Tribhuvan was born on 30 June 1906 to Prithvi Bir Bikram Shah and Divyeshwari Lakshmi Devi Shah. After the death of his father, Tribhuvan Bir Bikram Shah ascended the throne on 11 December 1911, at the age of five. Queen Mother Divyeshwari Lakshmi Devi was appointed the regent until Tribhuvan would come to his age.

He married at age 12 in a double ceremony. He married first at the Narayanhity Royal Palace, Kathmandu, March 1919 to Kanti. The same day he also marries Ishwari. He also had junior wives.

His first child and successor to the throne, Mahendra Bir Bikram Shah Dev, was born when both Tribhuvan and his wife, Queen Kanti Rajya Lakshmi Devi Shah, were just 13 years old, on 11 June 1920.

Later life
Tensions between the royal family and the Ranas began during World War I. The Ranas wanted to join the war in support of Britain. The Shahs were reluctant and wished to remain neutral. The then prime minister, Chandra Shamsher Jang Bahadur Rana, pressured the young king and threatened his mother, eventually forcing Tribhuvan to order the troops to war.

By the mid-1930s, popular discontent with the Ranas led to the establishment of several movements, notably the Nepal Praja Parishad, to which Tribhuvan himself gave his explicit support, to overthrow the Ranas. In each instance, however, the Ranas responded harshly, banning the liberal movements and executing their leaders. Tribhuvan worked closely with the Praja Parishad to abolish the Rana regime.

In November 1950, King Tribhuvan took refuge at the Indian Embassy. He was accompanied by his son Mahendra and the eldest grandson Birendra, among others. The then prime minister, Mohan Shamsher Jang Bahadur Rana became furious and responded to Tribhuvan's move by calling an emergency meeting of the cabinet on 7 November 1950 at Singha Durbar. In that meeting he announced Gyanendra Bir Bikram Shah, the four-year-old grandson of Tribhuvan, the new King of Nepal. On 10 November, two Indian planes landed at Gauchar Airport (now called Tribhuvan International Airport) and the royal family fled to New Delhi excluding the infant King, Gyanendra. Tribhuvan was formally welcomed by the Indian prime minister Jawahar Lal Nehru and other high officials. 

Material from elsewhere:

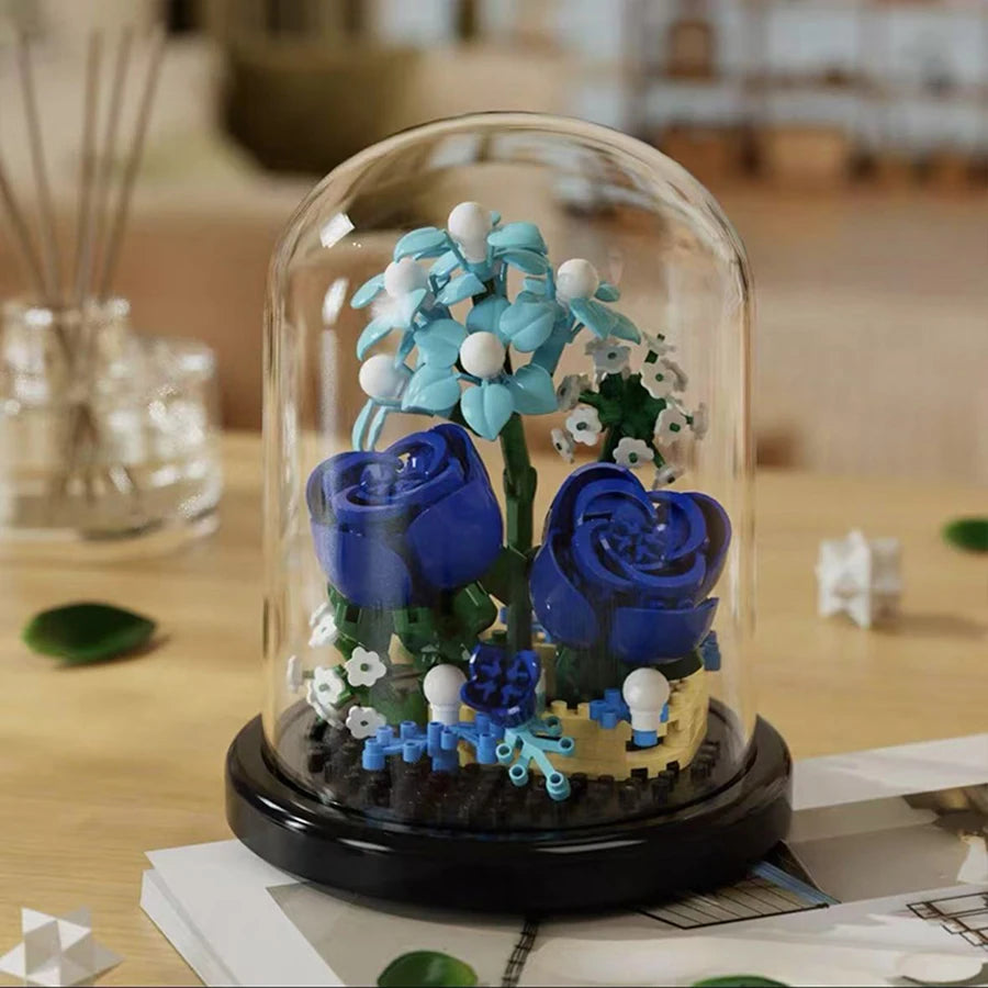 Este conjunto detalhado combina a alegria de construir com a beleza atemporal de uma flor que nunca murcha.

The removal of the king led to huge demonstrations in the country that compelled the Rana prime minister, Mohan Shamsher Jang Bahadur Rana to negotiate with Tribhuvan and the Nepali Congress. On 22 November 1950, Jawahar Lal Nehru, the Prime Minister of India, officially announced that India was not going to recognize Gyanendra Bir Bikram Shah as the legitimate King of Nepal.

When Mohan Shumsher saw that the situation was out of his control, he sent the king's brother-in-law, Sir Kaiser Shamsher Jang Bahadur Rana and Bijaya Shamsher Jang Bahadur Rana to New Delhi for peace talks. In New Delhi, King Tribhuvan, representatives of Nepali Congress and of the Rana Government all sat together to discuss the situation. At last an agreement was reached according in which King Tribhuvan was to form a new ministry, under his leadership, consisting of the Nepali Congress and the Ranas on an equal basis.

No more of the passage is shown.